RENO, Nev. (KOLO) -- "I'm always looking over my shoulder, we're always scared," says Katie Haynes, a Reno resident who got out of an abusive relationship last year. She says the last time her ex-boyfriend threw her down the stairs, her daughter called 911 and saved her life. After that, her ex-boyfriend was put in jail. Just thinking about what she lived through and the trauma it still causes her has her tearing up.
"It's just terrifying," she says.
That's why she and others are speaking out in favor of Marsy's Law, which is a proposed constitutional amendment that would guarantee enforceable rights to crime victims. Among them, the right to be protected by the defendant, the right to notice of all public proceedings in the case, and the right to be heard, upon request, at all public proceedings regarding the case.
"My voice would be heard. I would be there for all the steps; I would be able to talk to somebody rather than just being sent to the prosecutor. I feel like I'm just there for the last steps," says Haynes.
Marcy's Law was first approved by Nevada lawmakers in 2015 and again in 2017 as required by Nevada law for a constitutional amendment. The measure now goes to the voters this November; they will see it on the ballot as Question 1. The proposal already has the support of some of the top law enforcement officers and prosecutors in Northern Nevada.

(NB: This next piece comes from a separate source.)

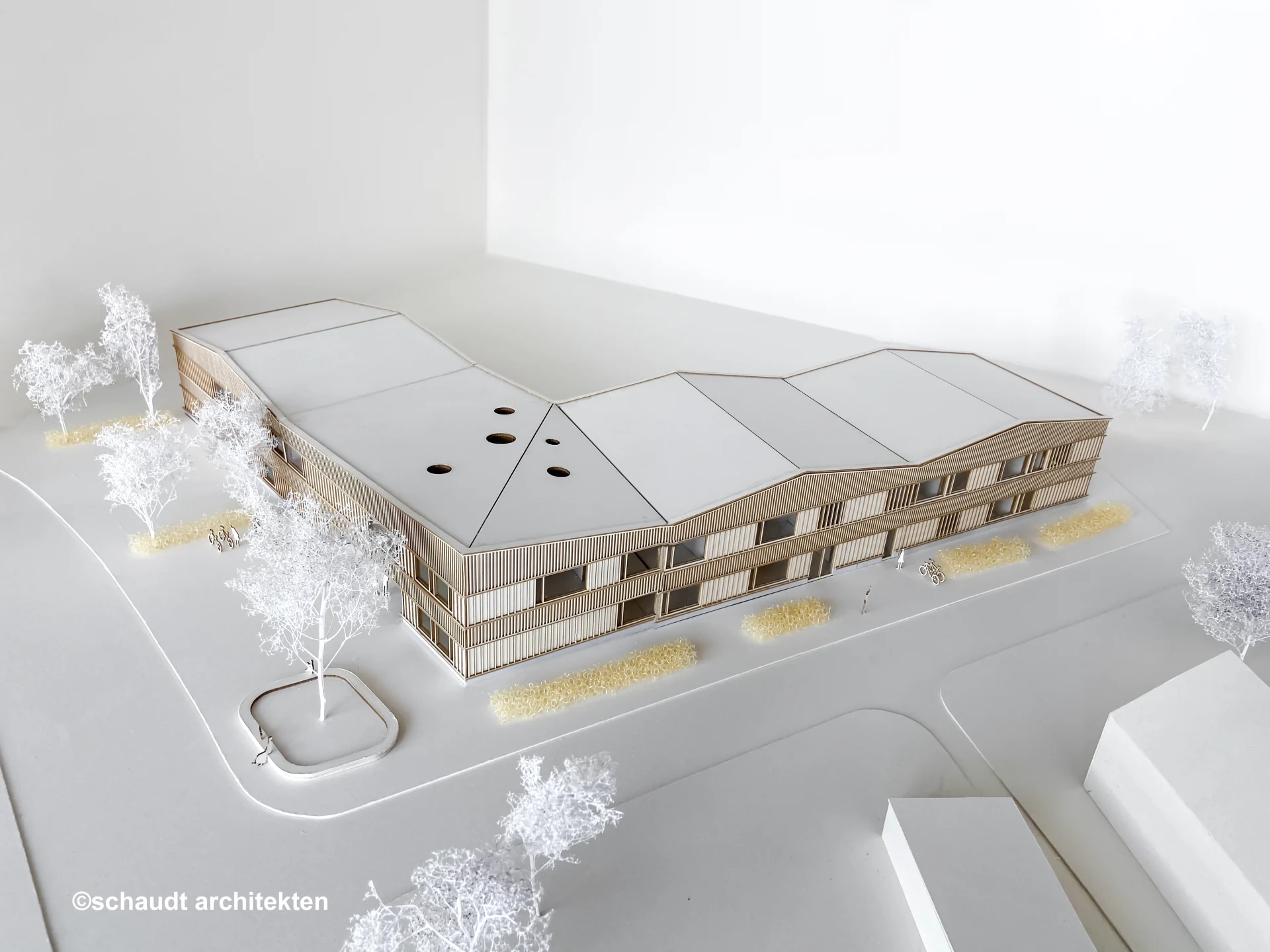 L-förmigen Holzneubau. Zukünftig werden den Kindern über 450 m2 zur

"It will give victims of crime the information they need, it will afford them the dignity and respect they so deserve after being yanked into a difficult system," says Chris Hicks, Washoe County District Attorney.
Marsy's Law is named after Marsalee Nicholas, who was murdered by her ex-boyfriend in California in 1983. Marsy's Law measures have been passed in several states including California and Illinois.